SOURCE MATERIAL:
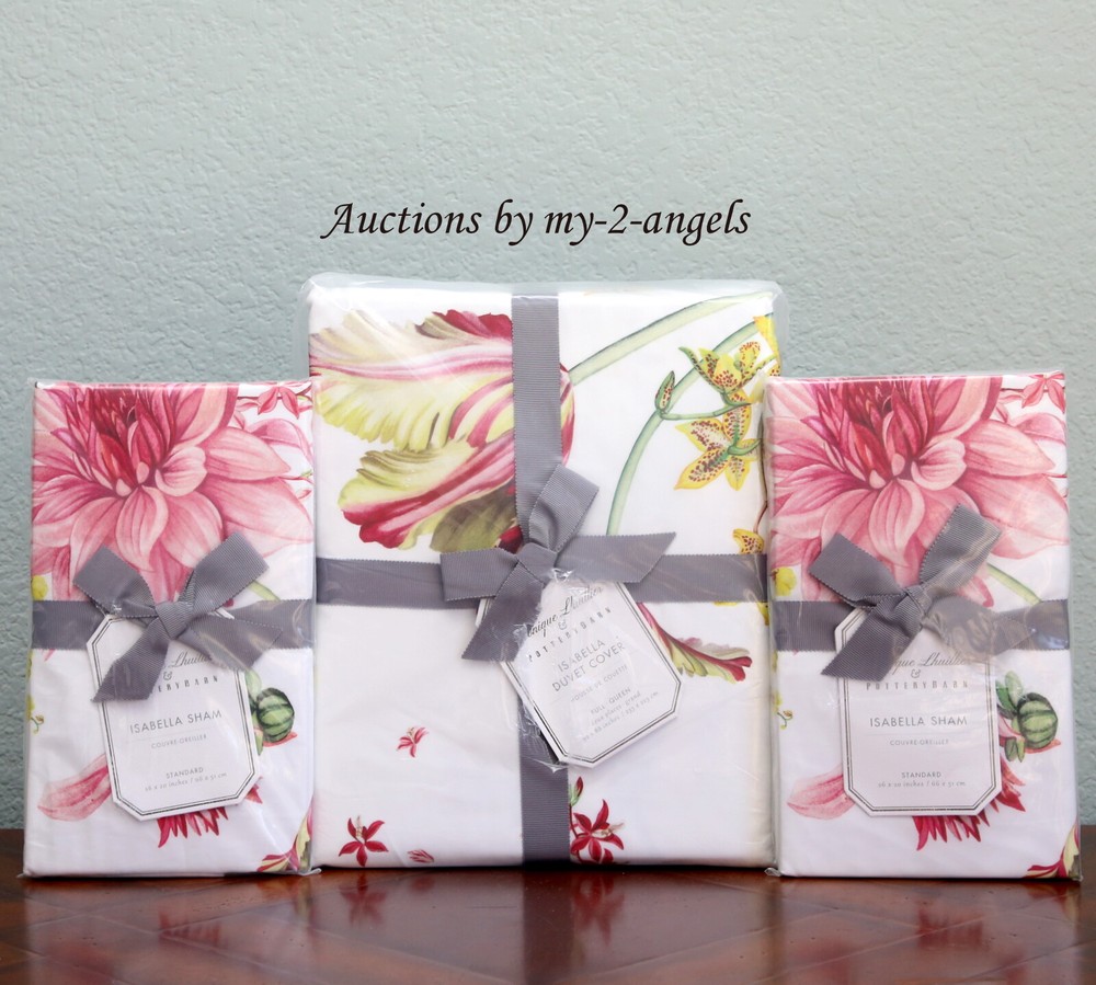 NEW POTTERY BARN MONIQUE LHUILLIER ISABELLA FLORAL ORGANIC COTTON FULL/QUEEN DUVET COVER SET - The duvet cover set includes (1) a F/Q Duvet Cover, and (2) TWO Standard Shams. All items are **BRAND NEW IN PACKAGES**, and have never been used. A hand-painted floral artwork is brought to life in this romantic bedding. The Isabella Duvet Cover & Sham mixes beautifully with solid shams in coordinating hues for a garden-like look. Fashion designer Monique Lhuillier brings her sophisticated style in this bedding for Pottery Barn. Woven of 100% organic cotton. Oeko-Tex® certified. 200 thread count. Machine wash. Duvet: 88" long x 92" wide; Shams: 20" high x 26" wide. All from our smoke-free, pet-free home. Please click the Read More link or Item Description link for more details NEW POTTERY BARN MONIQUE LHUILLIER ISABELLA FLORAL ORGANIC COTTON FULL/QUEEN DUVET COVER + 2 STANDARD SHAMS You are bidding on a beautiful, Monique Lhuillier Isabella Floral Full/Queen Duvet Cover Set, from Pottery Barn. All items are BRAND NEW IN PACKAGES . The duvet set includes: a Full/Queen Size, Isabella Floral Duvet Cover, and TWO Standard Size, Isabella Floral Shams. A hand-painted floral artwork is brought to life in this romantic bedding. The Isabella Duvet Cover & Sham mixes beautifully with solid shams in coordinating hues for a garden-like look. Fashion designer Monique Lhuillier brings her sophisticated style in this bedding for Pottery Barn. Woven of 100% organic cotton; Organic cotton is grown without the use of toxic and persistent pesticides and synthetic fertilizers. GOTS certified. Oeko-Tex® certified, the definitive mark of excellence for products that are healthy for you and healthy for the environment. Duvet and shams reverse to solid. Duvet features a hidden button closure with inner ties that keep insert in place; sham features an envelope closure. Duvet, shams and inserts sold separately; inserts not included. 200 thread count. Machine wash. Imported. Dimensions Duvet Full/Queen: 88" long x 92" wide King/Cal. King: 92" long x 108" wide Sham Standard: 20" high x 26" wide Euro: 26" square King: 20" high x 36" wide Flange: 2" wide Care and Maintenance Machine wash in warm water; gentle cycle. Use only non-chlorine bleach, if needed. Tumble dry on low heat; remove promptly. Warm iron as needed. Buyer pays shipping to a physical address within the continental United States. Please email us for a shipping quote for shipping to PO Boxes, APO/FPO Boxes, Alaska, or Hawaii. Thanks for viewing our auction! Terms and Conditions: We are not affiliated with Williams-Sonoma, or its affiliates. Although we guarantee that all our items are authentic, they are not warranted by the manufacturer and cannot be returned, exchanged or refunded by Pottery Barn. For Paypal users, we ship only to the confirmed address. Please read the description carefully to make sure that you understand what are being auctioned. The picture(s) might include other items, but only the item(s) stated in the description are included in the auction. Unless you have made arrangements with us prior to bidding, we do not ship to P.O. Boxes, APO Boxes, Alaska, or Hawaii. Please ask all questions, including shipping terms, prior to bidding. No returns on seasonal or holiday items.
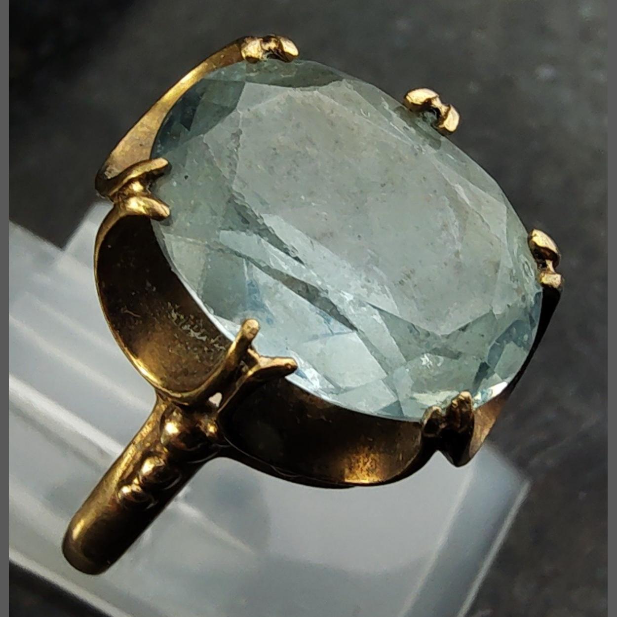 A 375 marked ring with a REMARKABLE pale blue stone. Size O. Gross weight 3.35g approx.
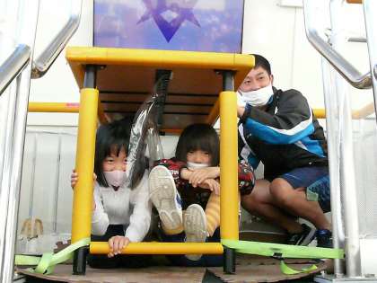 3,4年生は起震車に乗りました。起震車は震度6で揺れています。実際に乗ってみると予想以上の揺れに子どもたちは驚いていました。実際に大きな地震が来ても、落ち着いて机の下にもぐって命を守りましょうね。
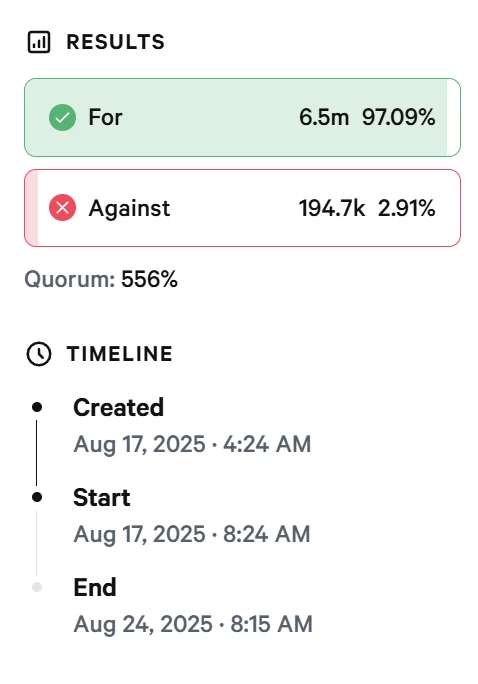 LayerZero基金会针对收购Stargate的提案启动投票,截至8月18日支持率达97.09%,投票进程将于8月24日截止。

TASK REQUIREMENTS: Without including any pictures, copy every line above exactly.

ANSWER TO THE PROBLEM:
 NEW POTTERY BARN MONIQUE LHUILLIER ISABELLA FLORAL ORGANIC COTTON FULL/QUEEN DUVET COVER SET - The duvet cover set includes (1) a F/Q Duvet Cover, and (2) TWO Standard Shams. All items are **BRAND NEW IN PACKAGES**, and have never been used. A hand-painted floral artwork is brought to life in this romantic bedding. The Isabella Duvet Cover & Sham mixes beautifully with solid shams in coordinating hues for a garden-like look. Fashion designer Monique Lhuillier brings her sophisticated style in this bedding for Pottery Barn. Woven of 100% organic cotton. Oeko-Tex® certified. 200 thread count. Machine wash. Duvet: 88" long x 92" wide; Shams: 20" high x 26" wide. All from our smoke-free, pet-free home. Please click the Read More link or Item Description link for more details NEW POTTERY BARN MONIQUE LHUILLIER ISABELLA FLORAL ORGANIC COTTON FULL/QUEEN DUVET COVER + 2 STANDARD SHAMS You are bidding on a beautiful, Monique Lhuillier Isabella Floral Full/Queen Duvet Cover Set, from Pottery Barn. All items are BRAND NEW IN PACKAGES . The duvet set includes: a Full/Queen Size, Isabella Floral Duvet Cover, and TWO Standard Size, Isabella Floral Shams. A hand-painted floral artwork is brought to life in this romantic bedding. The Isabella Duvet Cover & Sham mixes beautifully with solid shams in coordinating hues for a garden-like look. Fashion designer Monique Lhuillier brings her sophisticated style in this bedding for Pottery Barn. Woven of 100% organic cotton; Organic cotton is grown without the use of toxic and persistent pesticides and synthetic fertilizers. GOTS certified. Oeko-Tex® certified, the definitive mark of excellence for products that are healthy for you and healthy for the environment. Duvet and shams reverse to solid. Duvet features a hidden button closure with inner ties that keep insert in place; sham features an envelope closure. Duvet, shams and inserts sold separately; inserts not included. 200 thread count. Machine wash. Imported. Dimensions Duvet Full/Queen: 88" long x 92" wide King/Cal. King: 92" long x 108" wide Sham Standard: 20" high x 26" wide Euro: 26" square King: 20" high x 36" wide Flange: 2" wide Care and Maintenance Machine wash in warm water; gentle cycle. Use only non-chlorine bleach, if needed. Tumble dry on low heat; remove promptly. Warm iron as needed. Buyer pays shipping to a physical address within the continental United States. Please email us for a shipping quote for shipping to PO Boxes, APO/FPO Boxes, Alaska, or Hawaii. Thanks for viewing our auction! Terms and Conditions: We are not affiliated with Williams-Sonoma, or its affiliates. Although we guarantee that all our items are authentic, they are not warranted by the manufacturer and cannot be returned, exchanged or refunded by Pottery Barn. For Paypal users, we ship only to the confirmed address. Please read the description carefully to make sure that you understand what are being auctioned. The picture(s) might include other items, but only the item(s) stated in the description are included in the auction. Unless you have made arrangements with us prior to bidding, we do not ship to P.O. Boxes, APO Boxes, Alaska, or Hawaii. Please ask all questions, including shipping terms, prior to bidding. No returns on seasonal or holiday items.
 A 375 marked ring with a REMARKABLE pale blue stone. Size O. Gross weight 3.35g approx.
 3,4年生は起震車に乗りました。起震車は震度6で揺れています。実際に乗ってみると予想以上の揺れに子どもたちは驚いていました。実際に大きな地震が来ても、落ち着いて机の下にもぐって命を守りましょうね。
 LayerZero基金会针对收购Stargate的提案启动投票,截至8月18日支持率达97.09%,投票进程将于8月24日截止。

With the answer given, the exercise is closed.